Lesson 15 Practice
Objectives
Previously, we performed QC on the Golden Snidget RNA sequencing data, aligned the sequencing reads to its genome, and obtained expression counts. We can now finally perform differential expression analysis, to find out which genes are differentially expressed between the EXCITED and BORED states of the Golden Snidget.
Scripts used for differential analysis
Recall that the scripts used for differential expression analysis are in the folder /usr/local/code. We can also access this folder using the environmental variable CODE. How many scripts are in this folder (find out by not using the full path to the folder containing the scripts).
Solution
ls -1 $CODE | wc -l
Make sure we change into ~/biostar_class/snidget before starting.
cd ~/biostar_class/snidget
Create a folder to store the Golden Snidget differential expression analysis results
First, create a folder to store the Golden Snidget differential expression analysis results. Name this folder snidget_deg.
Solution
mkdir snidget_deg
Create the design file
Create the design.csv file using the nano editor. Recall that the design files contain nothing more than a column with sample names and a column informing of sample treatment condition. Some of the R helper scripts require a csv version of this, where the columns are separated by comma. Here, we create both before moving on.
Creating design.csv
nano design.csv
Copy the text below to the nano editor, hit control-x and save to return to the terminal.
sample,condition
BORED_1.bam,BORED
BORED_2.bam,BORED
BORED_3.bam,BORED
EXCITED_1.bam,EXCITED
EXCITED_2.bam,EXCITED
EXCITED_3.bam,EXCITED
Obtaining the counts table
Change into ~/biostar_class/snidget/snidget_hisat2/ when running featureCounts to obtain the expression counts table. The annotation file for this dataset is in ~/biostar_class/snidget/refs and is named features.gff. How would we construct featureCounts to obtain an expression counts table for the Golden Snidget?
Solution
cd ~/biostar_class/snidget/snidget_hisat2/
featureCounts -p -a ../refs/features.gff -g gene_name -o ../snidget_deg/counts.txt BORED_1.bam BORED_2.bam BORED_3.bam EXCITED_1.bam EXCITED_2.bam EXCITED_3.bam
Format the Golden Snidget counts table for differential expression analysis
Remember that the deseq2.r script requires that the expression counts table be in csv format.

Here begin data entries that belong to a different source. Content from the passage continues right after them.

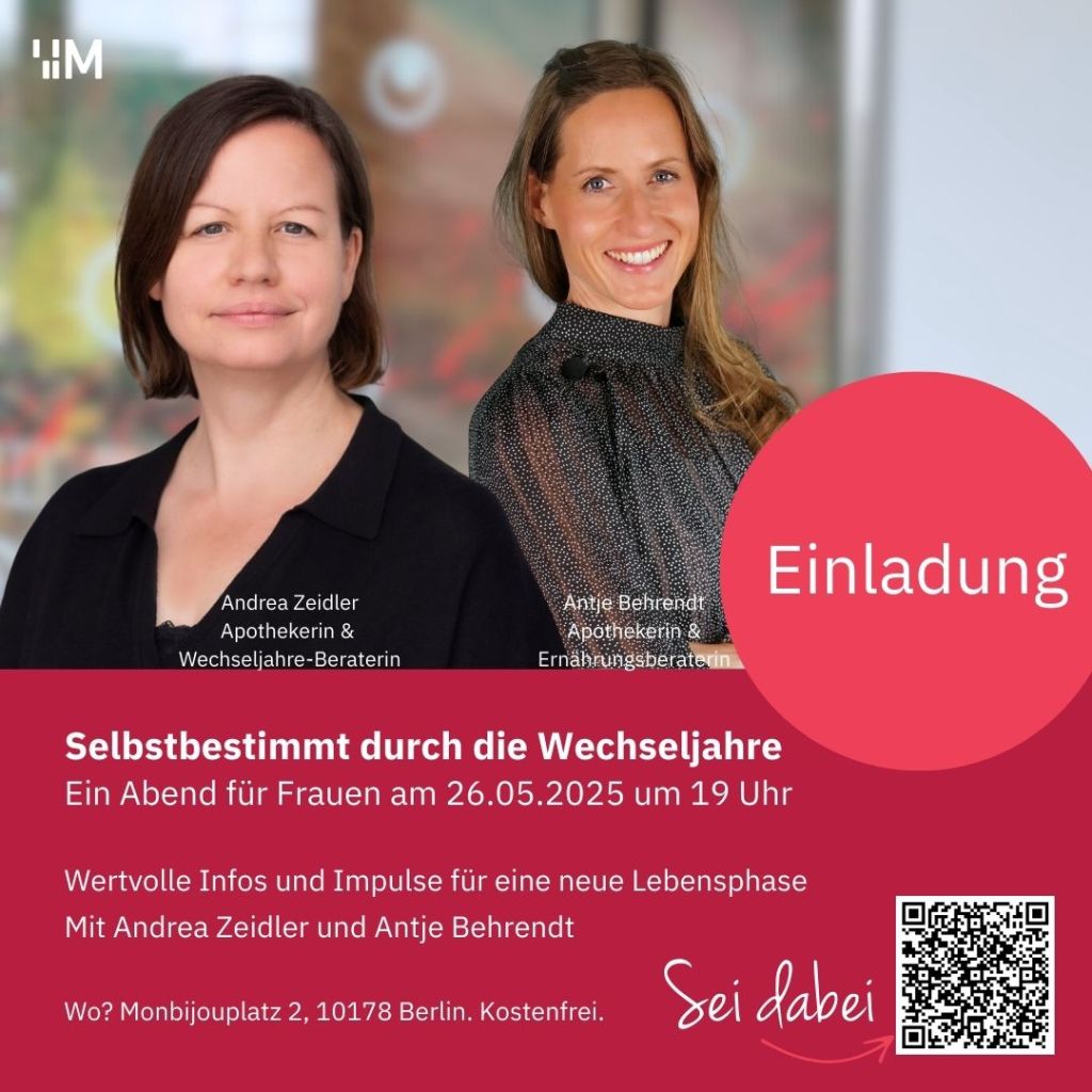 Im Frühjahr 2025 gibt es eine Veranstaltungsreihe für Frauen, die sich auf die Wechseljahre vorbereiten wollen oder mittendrin sind – ich werde dort ebenfalls Vorträge halten und informieren zu hormonellen Veränderungen, Herausforderungen, Ernährung und weiteren Themen, die Frauen rund um die Wechseljahre beschäftigen:
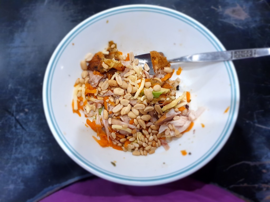 Last night I ate a freshly-roasted chicken salad with avocado, grated carrot, pine nuts, sesame seeds, and fried onion.
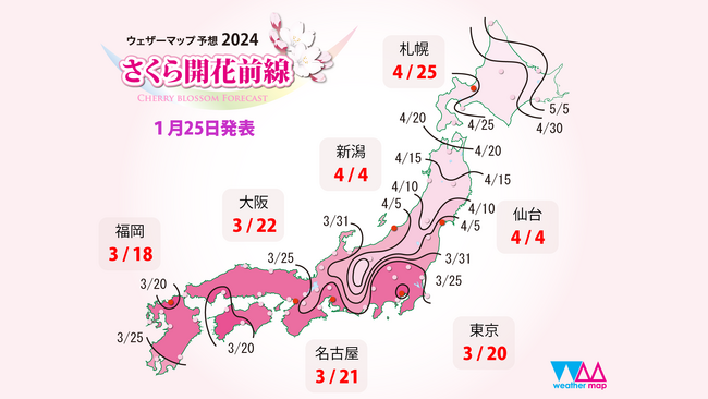 映像の企画から制作、映像編集、配信・流通向けサービスに至るまでを、グローバルにワンストップでお届けする株式会社IMAGICA GROUP(本社:東京都港区、代表取締役社長:布施 信夫)のグループ会社で、気象予報士の派遣や提供、気象データ、気象コンテンツの提供及び配信を手掛ける株式会社ウェザーマップ(本社:東京都港区、代表取締役社長:森 朗、以下「ウェザーマップ」)は、2024年の第一回「さくら開花予想」を発表しました。(九州~北海道 53地点)
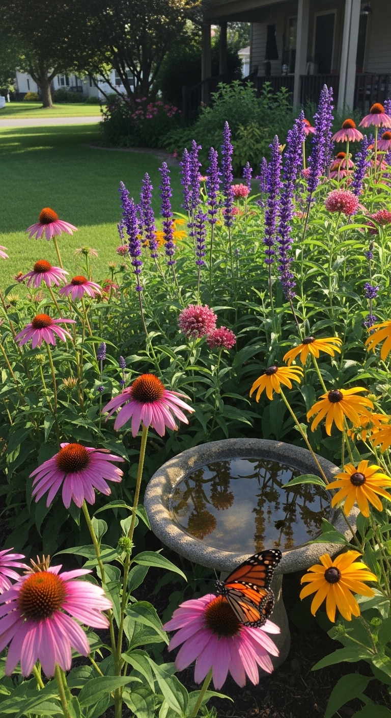 Plant milkweed for monarchs, coneflowers for bees, and salvia for hummingbirds. Add a shallow birdbath or small water dish, and you’ve created a mini ecosystem right outside your door. Neighbors and passersby will stop and watch — guaranteed.

It is currently in tab delimited format as generated by featureCounts. There is also a header line that we need to get rid of in the counts table. Finally, recall that our expression counts table is stored as counts.txt in the ~/biostar_class/snidget/snidget_deg directory, so change into this before moving forward.
cd ~/biostar_class/snidget/snidget_deg
Do you remember how to remove the header line in the counts table?
Solution
sed '1d' counts.txt > counts_no_header.txt
Save the counts table without header, we will need it later.
Next, how do we remove columns 2 through 6 of the counts table and convert it from tab delimited to csv?
Solution
cut -f1,7-12 counts_no_header.txt | tr '\t' ',' > counts.csv
Again, save the counts table without header, we will need it later.
Now that the correctly formated counts table is generated. Let's see if we can remember how to run deseq2.r to generate the differential expression results.
Solution
Rscript $CODE/deseq2.r
Take a look at the results.csv file, which contains the differential expression analysis output. Can we sorted by largest to smallest fold change? In the sorted results table, what do you notice? How well do the fold change results match expected?
Solution
column -t -s ',' results.csv | (sed 1q; sort -k 6nr) | less -S
Visualizing expression
Let's create an expression heatmap. How do we do this? Looking at the heatmap, do the treatments (ie. BORED and EXCITED) cluster well together?
Solution
Rscript $CODE/create_heatmap.r
We will need to copy the result, heatmap.pdf to the public folder to view. And the BORED and EXCITED groups do cluster together.